Structurally each of these shorts can be viewed discretely from their feature films and some, as in the case of July’s goldfish story, may even seem like an aside, though I think it still adds something tangentially to the larger film it belongs in. Some like “Hotel Chevalier” are subplots. Others like the opening to Your Friends & Neighbors and Medem’s seduction scene are building blocks of the main plot but could still exist as separate entities. Despite these differences, what they do have in common is that they provide enough narrative cohesion and catharsis to exist on their own if they had to. Or if you wanted to see them that way.

The goldfish sequence is tonally and stylistically similar to the rest of the film it appears in but is also similar to “Are You the Favourite Person of Anybody?” which was previously featured in Numero Cinq at the Movies. In July’s worlds we find absurdist realities where what happens is probable, realistic, but told in an overdrawn way, here particularly evident in the dialogue between Christine (Miranda July) and Michael (Hector Elias).

There are also strong similarities between this oversaturated reality and the style of Jane Campion’s short films (which were also featured in Numero Cinq at the Movies) which is no surprise as July commonly cites Campion as one of her inspirations and influences.

Though the goldfish short fits within the feature it is a part of, viewed on its own it offers a different experience. It is then a short film about loss, about condensed meaningful moments, and connection between strangers witnessing those moments. This isn’t at odds with the feature film it belongs to, but is in hues and tenor more melancholy than the rest of the film.

There are two things which tonally shift this shared sad experience, though, and keep it from plummeting into melodrama: 1) the couple in the vehicle that is the goldfish’s penultimate landing place are oblivious to the goldfish’s last moments, even though, as Michael notes, “at least we are all together in this.”

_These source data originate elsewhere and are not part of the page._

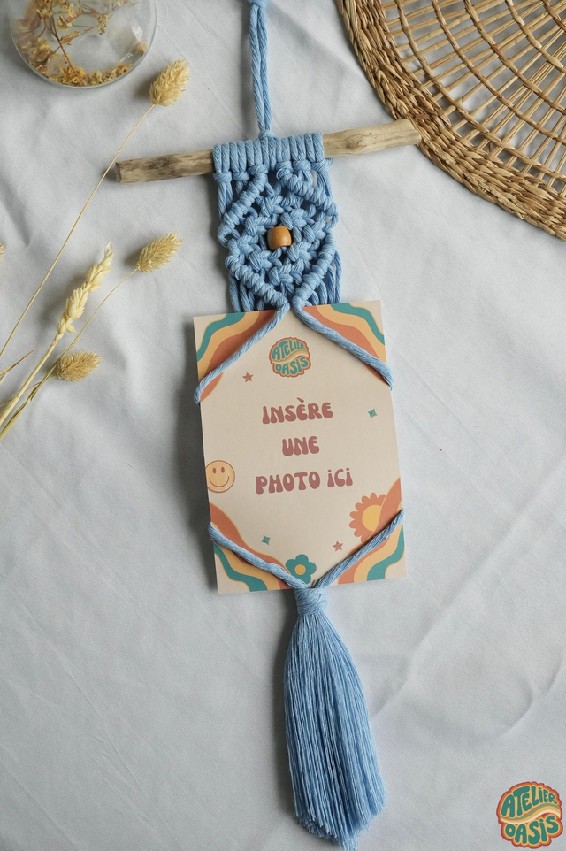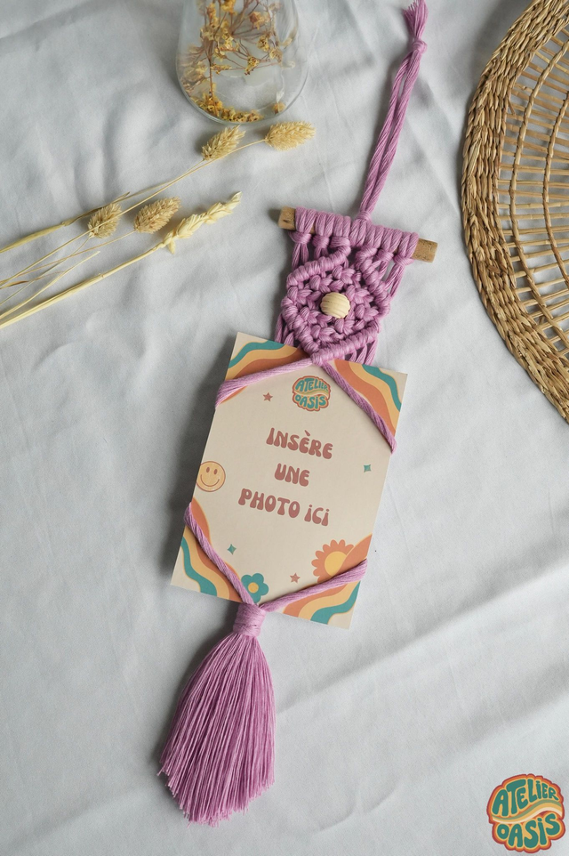Mets tes jolis photos en valeur avec ce support mural en macramé et sublime ton joli chez toi avec une petite touche bohème et colorée.
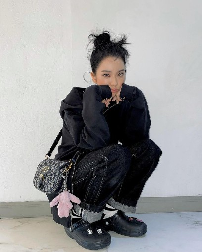BLACKPINK Jisoo 的時尚風格備受大家喜愛,穿上襪子並配襯黑色 Crocs以及扣上韓國大熱的可愛扣飾多少讓人入坑
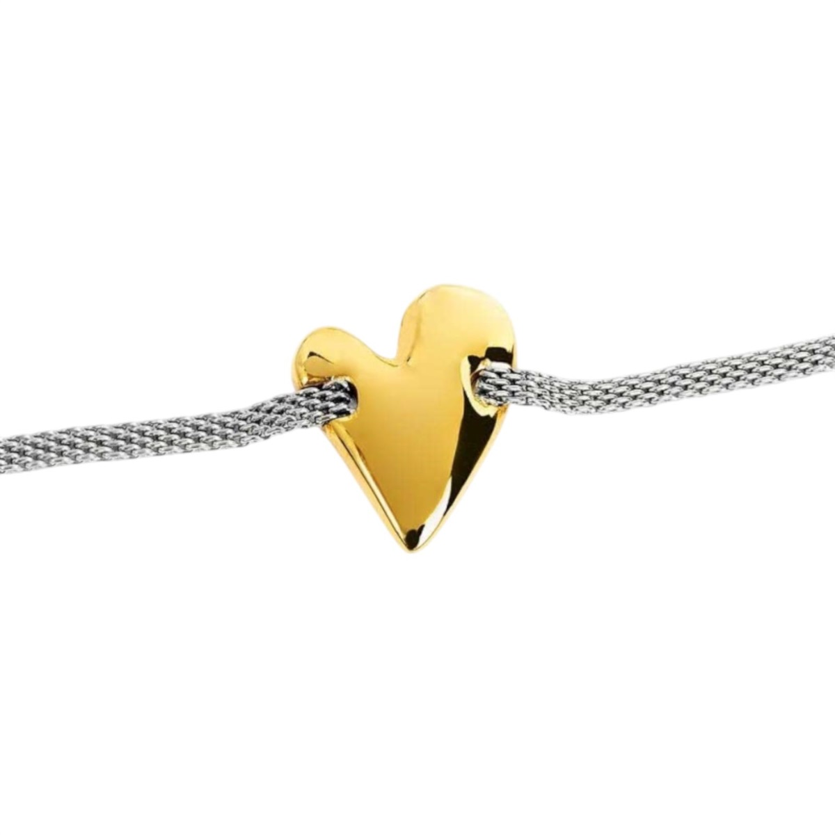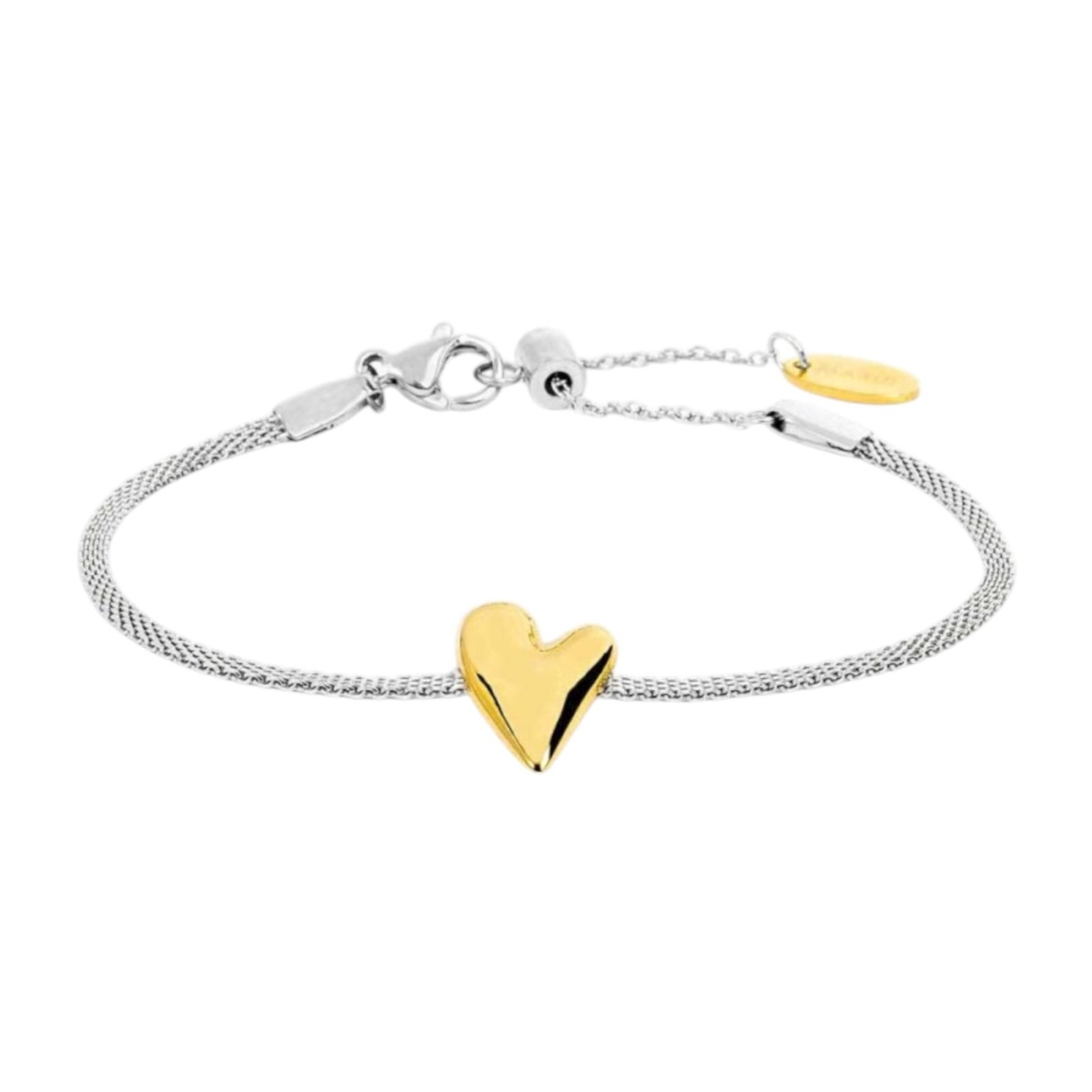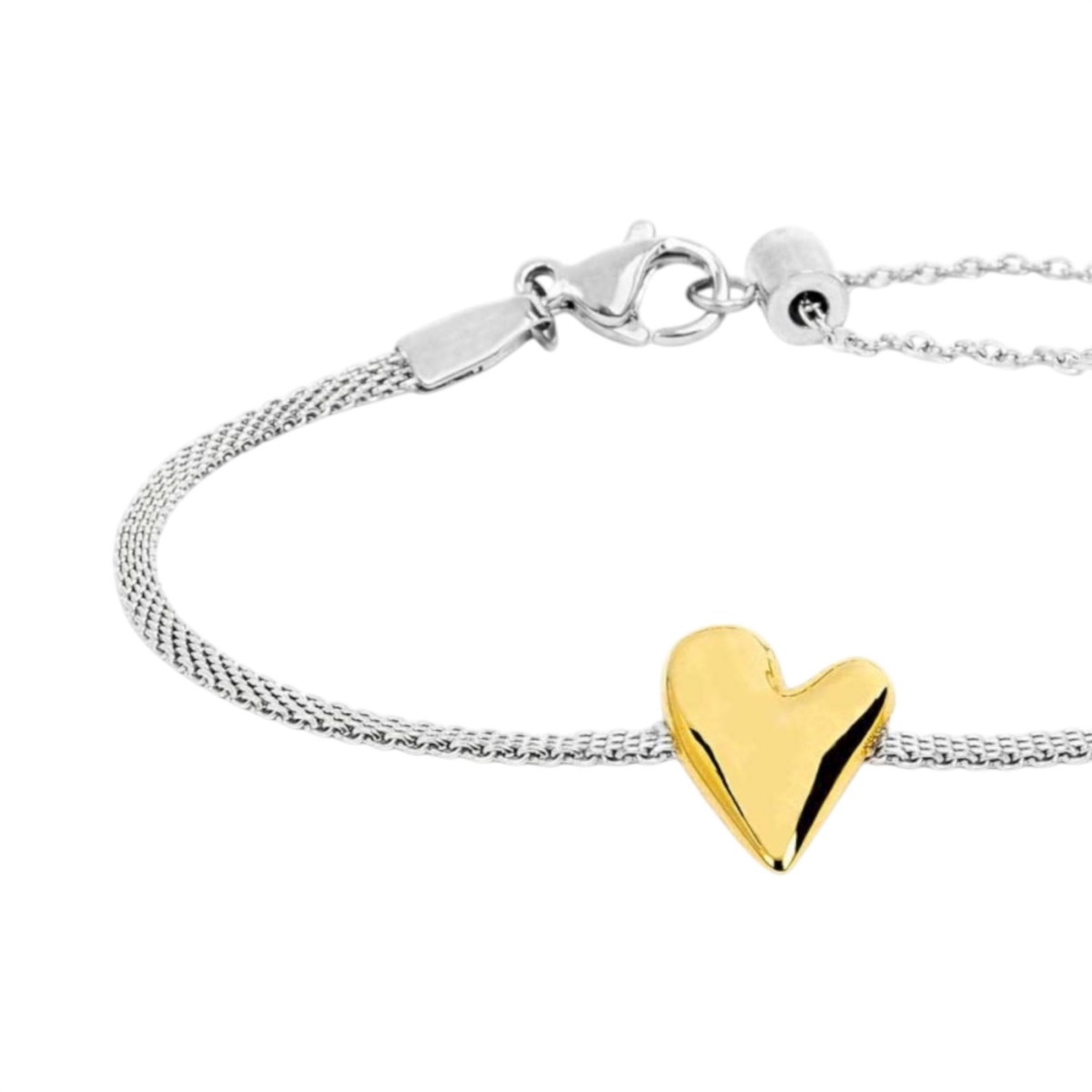 Bracciale donna Marlù della collezione Vision realizzato in acciaio color silver con catena mesh e al centro un cuore irregolare color oro giallo.

2) It’s about the death of a goldfish, possible the world’s most disposable pet. Truly, for the goldfish, these last moments hurtling down the freeway in his little bag of water might be a much more euphoric way to die than the neglect and probable toilet bowl funeral ending that would have awaited him at the little girl’s home. Regardless, the accidental death that connects these strangers is light on tragedy as a result.

All told this mixes into something sublime: a little accident, a little collision between strangers, a little loss, all finding something meaningful and significant that is more than a little beyond words.

None of this is intended to disparage the larger work, July’s absurd and lovely first feature Me and You and Everyone We Know. It’s just there’s a pleasure within the pleasure. And this might be worth tasting on its own.